1) Chair’s Summary of the Major Economies Forum on Energy and Climate Held by President Joe Biden
On June 17, 2022, President Biden convened his third Major Economies Forum on Energy and Climate (MEF) to build on the progress achieved at COP 26 by further strengthening climate action while also addressing urgent energy and food security concerns arising from Russia’s further invasion of Ukraine. Participants shared steps they are taking to strengthen their national climate efforts, and many joined the United States in initiatives to reduce methane emissions, speed the commercialization of critical technologies, put more zero-emission vehicles on the road, decarbonize ocean-based shipping, and increase fertilizer efficiency and alternatives. The initiatives will bolster energy security and food security, speed the clean energy transition, and accelerate efforts to tackle the climate crisis.
Argentina, Australia, Canada, Chile, China, Egypt, the European Commission, France, Germany, India, Indonesia, Italy, Japan, the Republic of Korea, Mexico, Nigeria, Norway, Saudi Arabia, Turkey, United Arab Emirates, United Kingdom, Vietnam, and the U.N. Secretary-General participated in the virtual meeting.
Special Presidential Envoy for Climate John Kerry opened the meeting by noting the valuable role the Major Economies Forum played in 2021 in contributing to the progress achieved at the United Nations Climate Change Conference in Glasgow (COP 26) and emphasizing the urgency of building on that progress at COP 27 in November in Sharm el-Sheikh.

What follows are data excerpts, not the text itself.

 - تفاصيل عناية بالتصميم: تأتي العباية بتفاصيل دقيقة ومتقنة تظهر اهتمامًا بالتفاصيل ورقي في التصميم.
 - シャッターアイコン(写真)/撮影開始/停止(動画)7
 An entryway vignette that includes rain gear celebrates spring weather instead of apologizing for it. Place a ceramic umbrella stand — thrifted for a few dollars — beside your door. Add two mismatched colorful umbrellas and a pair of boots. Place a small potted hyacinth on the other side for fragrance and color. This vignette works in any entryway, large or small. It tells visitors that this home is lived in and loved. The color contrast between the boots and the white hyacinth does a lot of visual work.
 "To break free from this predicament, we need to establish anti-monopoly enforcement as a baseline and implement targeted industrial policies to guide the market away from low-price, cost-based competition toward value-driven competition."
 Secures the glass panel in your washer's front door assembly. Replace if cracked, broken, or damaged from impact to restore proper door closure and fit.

President Biden emphasized that, while COP 26 brought the world much closer to a 1.5-degree Celsius limit on temperature rise, the world’s leading scientists have since underscored once more, with increased alarm, the rapidly narrowing window for decisive action to stem the climate crisis. In line with the United States’ “Implementation-Plus” approach, the President called on countries to dedicate themselves to implementing existing goals while undertaking additional efforts to strengthen climate ambition. Noting that the Glasgow Climate Pact calls on countries to revisit and strengthen their 2030 Nationally Determined Contribution (NDC) emissions targets as necessary to align with the Paris Agreement temperature goal, he urged participants to share any steps they are taking to update their targets. The President also outlined new initiatives in the energy, transportation, and agriculture sectors and invited participants to join the United States in undertaking them.
President Biden and President Abdel Fattah El-Sisi of Egypt announced that the United States and Egypt will partner on Adaptation in Africa, including at COP 27, with a focus on tangible actions to improve people’s lives and build resilience to a changing climate.

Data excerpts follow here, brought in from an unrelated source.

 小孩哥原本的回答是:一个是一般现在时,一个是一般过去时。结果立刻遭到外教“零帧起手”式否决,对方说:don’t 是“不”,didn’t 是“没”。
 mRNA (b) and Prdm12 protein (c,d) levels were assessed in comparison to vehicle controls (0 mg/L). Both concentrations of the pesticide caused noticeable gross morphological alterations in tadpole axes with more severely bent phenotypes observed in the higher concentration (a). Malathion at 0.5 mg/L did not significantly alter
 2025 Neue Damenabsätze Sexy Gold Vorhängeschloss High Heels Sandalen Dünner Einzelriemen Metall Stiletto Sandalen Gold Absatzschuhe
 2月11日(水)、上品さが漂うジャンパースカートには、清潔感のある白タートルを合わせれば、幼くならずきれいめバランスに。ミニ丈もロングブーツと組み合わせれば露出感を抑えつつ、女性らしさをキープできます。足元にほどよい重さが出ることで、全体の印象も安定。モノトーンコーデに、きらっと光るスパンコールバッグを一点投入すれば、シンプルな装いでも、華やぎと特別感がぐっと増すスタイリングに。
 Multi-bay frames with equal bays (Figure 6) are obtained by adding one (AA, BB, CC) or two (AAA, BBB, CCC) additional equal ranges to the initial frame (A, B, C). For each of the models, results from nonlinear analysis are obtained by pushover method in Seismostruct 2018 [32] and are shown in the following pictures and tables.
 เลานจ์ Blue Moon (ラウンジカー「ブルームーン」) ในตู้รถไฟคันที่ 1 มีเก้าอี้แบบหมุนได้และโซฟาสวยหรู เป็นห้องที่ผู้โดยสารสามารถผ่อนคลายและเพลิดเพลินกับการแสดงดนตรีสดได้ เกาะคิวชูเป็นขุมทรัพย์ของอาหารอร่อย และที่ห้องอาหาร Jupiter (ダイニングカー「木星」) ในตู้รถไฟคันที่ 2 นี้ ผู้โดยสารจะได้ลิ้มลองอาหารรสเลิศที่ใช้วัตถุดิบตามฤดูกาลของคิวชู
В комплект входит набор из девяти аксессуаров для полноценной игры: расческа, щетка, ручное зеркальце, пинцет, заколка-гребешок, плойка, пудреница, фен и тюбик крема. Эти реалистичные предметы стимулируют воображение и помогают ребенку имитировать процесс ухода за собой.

Leaders spoke to the imperative and urgency of further strengthening action in this critical decade, including references to the importance of countries updating NDC targets this year that are not yet in line with the Paris Agreement temperature goal and to the need for submitting or updating long-term strategies. Many emphasized the link between climate security and energy security, noting that Russia’s war in Ukraine only highlights the need to accelerate the clean energy transition and that renewable energy supports energy security. Many highlighted the importance of scaling up finance and investment and underscored the economic and social benefits of a just energy transition. Leaders commended Egypt for its efforts to ensure the success of COP 27.
With respect to 2030 NDC targets:
Australia noted that it submitted this week an enhanced NDC to reduce greenhouse gas emissions by 43% below 2005 levels by 2030.
Chile announced that it will strengthen its NDC, aiming to bring it in line with the vital goal of keeping within reach a 1.5 degree C limit on global temperature rise.
Egypt announced that it is putting the finishing touches on an updated NDC, which will include specific ambitious quantitative targets in multiple sectors.
Indonesia indicated that it is in the process of updating its NDC.
Mexico intends to submit an enhanced 2030 NDC target in line with the Paris temperature goal ahead of COP 27.
Turkey said it will submit an updated NDC by the end of this year.
The United Arab Emirates announced that it intends to submit an enhanced 2030 NDC target this year.
Vietnam will enhance its NDC.
Participants also announced other steps to strengthen national and regional climate efforts, including closing coal-fired power plants; instituting and expanding carbon pricing; setting ambitious national zero-emissions vehicle targets; setting ambitious national methane targets and developing methane abatement plans; increasing renewables, including through specific targets, incorporating climate assessments into the development of national budgets; modernizing hydroelectric plants; making large-scale investments in solar energy; pursuing efforts in the agricultural sector to promote emission reductions and food security; pursuing sustainable forestry initiatives; investing in hydrogen and ammonia; promoting reliable supplies of clean energy minerals and materials; strengthening national adaptation efforts; and pursuing regional mitigation and resilience efforts.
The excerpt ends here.